Era una vez un hombre, humilde y trabajador, que por más señas cojeaba visiblemente, y auxiliado por un bastón, fue hortelano, carbonero y pastor obligado a veces abandonar su pueblo para ganarse el sustento, su nombre, casi no importa por ser baladí, llamémosle Manuel.
Corría el temerario verano de 1936, de infausto recuerdo, Manuel, antes la evolución de los acontecimientos, anciano ya, pensó abandonar su pueblo y se fue a la sierra esperando quizás que aquello fuese cosa de unos días. Y así lo hizo. Cogió una talega, unos panes, un trozo de tocino y una pequeña navaja, comenzó a caminar dificultosamente, quizás guiado sólo por el instinto de conservación. Se adentró en la abrupta sierra que él ya conocía y, al amparo de unas rocas ubicadas en un lugar estratégico con gran campo de visión y se dispuso a esperar y, tan larga fue la espera y la soledad, que un día, acertó a pasar por aquellos agrestes parajes un carbonero del lugar, que en aquellos días de forma legar labraba un bolinche de carbón por aquellas latitudes.
-¡Romualdito! A ver si puedes hacerme el favor de traerme mañana una caja de cerillos. Porque aquí sin lumbre es realmente muy duro, tan duro cómo la soledad misma.
-No te preocupes Manuel, mañana te las voy a traer.
-Yo te esperaré abajo en la ribera, al lado de aquella adelfa.
Él se retiró a su guarida, esperando pronto poder hacer fuego para aminorar el rigor del invierno que se acercaba.

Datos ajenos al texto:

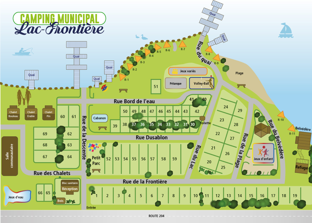 Ce camping joliment aménagé offre plus de 76 emplacements avec services et 11 emplacements sans services sur le bord du lac et 18 emplacements sauvages. Ces derniers 29 emplacements ont accès au bloc sanitaire et aux autres services du camping. Que vous soyez propriétaire d'un motorisé ou d'une tente-roulotte ou que vous désirez déployer votre tente, vous trouverez un site adapté à vos besoins. Les plus jeunes pourront s'amuser dans les jeux d'eau tandis que les plus grands pourront aller pêcher le maskinongé ou louer une embarcation et découvrir les coins cachés du lac. Nul besoin d'un réveil matin, car le huard, plutôt matinal, se chargera de vous réveiller à l'aurore pour que vous puissiez profiter pleinement de votre journée.

Al día siguiente muy temprano, bajó a la ribera, cuando las gotas del rocío adornaban como perlas transparentes jaras, lentiscos y madroños con aromas balsámicos y penetrantes del almoradux y del tomillo franciscano. Arriba, en lo más alto, en un viejo alcornoque, unos arrendajos avizores gritaban desaforadamente como avisando de la espeluznante tragedia que se avecinaba, pues parecían interpretar el himno de la traición y de la muerte.
Por el estrecho camino que serpenteaba la ribera, entre frondosos matorrales aparece Romualdito.
-¿Adónde estas?
-Toma los cerillos Manuel.
-Gracias, muchas gracias Romualdo, no sabes cuanto te los agradezco.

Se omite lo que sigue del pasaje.